Progress, not Praise: How to Design Feedback for Competency-based Learning

Early on I started thinking of my typography teacher, Juliet Shen, as “the doctor.” Each week during my typography class, taken several years ago at the School of Visual Concepts in Seattle, my classmates and I would arrive and hang our projects on a clothes line, strung along one of the classroom walls; then “the doctor” would make her way down the line, focusing for several minutes on each project and what in the work had fulfilled the objectives, laid out on each assignment sheet, and what hadn’t.

She was understated, her voice dry and quiet, and we stood silently, gathered around her, leaning in to hear every word. She gave modest praise, never plumped up her prose with euphemism, and precisely identified what was wrong or right: unvarnished, actionable feedback, some of the best I’ve received. It was never extensive, but quick and targeted, even delivered at times on sticky notes (underlining mine):

post it

How she gave feedback reminded me of an astute doctor, making a diagnosis. Sometimes she’d move from diagnosis to prescription, but first she was all Grant Wiggins’ style feedback: what you did and didn’t do. I left each class with information to apply as I continued wrestling with the projects and striving to improve. Further, from what she modeled and taught me, I began to think and to observe like a designer.

In a recent blog post on the key elements for supporting students with competency-based learning (CBL), I focused on transparency, intentionality, and clarity. As the school year begins and student work accrues, I want to explore feedback, which is intimately tied to transparency, intentionality, and clarity. Wiggins believed that more feedback and less teaching enables more learning. I’ll begin with his definition of feedback, then present an approach to designing it and examples of how to implement it in a competency-based environment.

What is Feedback?

According to Wiggins, feedback is “goal-related information about how we are doing or what we just did.” Goals are the bread and butter of CBL, which identifies not only the skills to develop, but also the outcomes, the measurable ways we’ll track growth.

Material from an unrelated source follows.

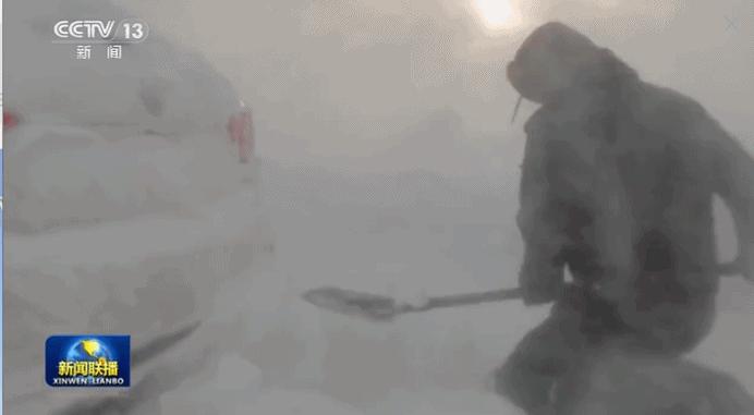 在零下30多度的天氣裏,瞬時風力超過8級,能見度不足10米,有5輛車18人被困。阿其圖和隊員們跪在雪地裏拿鐵鍬清理積雪,救援工作一直持續到當晚9點半,被困羣衆被成功轉移。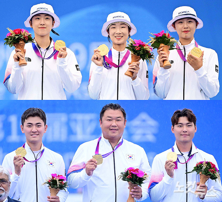 이우석, 오진혁, 김제덕이 뭉친 대표팀은 6일 중국 항저우 푸양 인후 스포츠센터 양궁장에서 열린 '2022 항저우 아시안게임' 결승에서 인도를 5 대 1로 제압해 2010년 광저우 대회 이후 13년 만에 정상에 올랐다. 앞서 열린 앞서 여자 단체 경기에서는 임시현, 최미선, 안산이 금메달을 따내 아시안게임 단체전 7연패를 달성했다.

While the what (plans and logistics) is often prominent in classrooms, we don’t always get an equally elevated focus on the why and the how of learning, not to mention the critical formative feedback. In Wiggins’ “ideal feedback system,” students receive ongoing and timely information about how well they’re performing in relationship to transparent goals. I’ve named my version of such a system the Learning-Driven Ecosystem:

ecosystem

Wiggins also underscored what feedback isn’t. Here’s where we falter. Feedback isn’t advice, praise, or evaluation. While each of these concepts may have a role, too often we provide them instead of actionable information that leads to learning. He said about feedback’s starring role in learning:

It’s not teaching that causes learning, after all—as painful as it might be for us educators to realize. Learning is caused by learners attempting to do something and getting feedback on the attempt. So learners need endless feedback more than they need endless teaching.

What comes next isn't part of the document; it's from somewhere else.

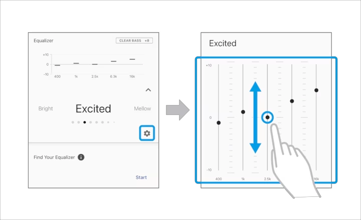 כיילו את הצליל לפי ההעדפה האישית שלכם. בחרו מתוך מגוון פריסטים לפי סגנון המוזיקה שאתם שומעים, או צרו פרופיל מותאם אישית דרך האקולייזר באפליקציית Sony | Sound Connect.

Let’s be honest: the challenge of providing excellent, actionable, and specific formative feedback is a daunting one. We could work constantly, which we likely already do, and not keep up with the demands of this crucial work. That’s where well-designed feedback practices can ease some of our challenges. They will never eliminate the efforts required, but they will enable us to work more wisely and to ensure that whatever investment we make, our feedback drives learning.

Design Your Feedback

Just as we design lessons and assignments, so too can we design feedback. CBL starts with competencies and outcomes. In some approaches, they come from state standards, Common Core standards, Next Generation Science Standards, or another source. Whatever their origins, teachers need intimate relationships with them, built by unpacking them and deriving learning objectives from them. Those objectives then form the basis for formative feedback.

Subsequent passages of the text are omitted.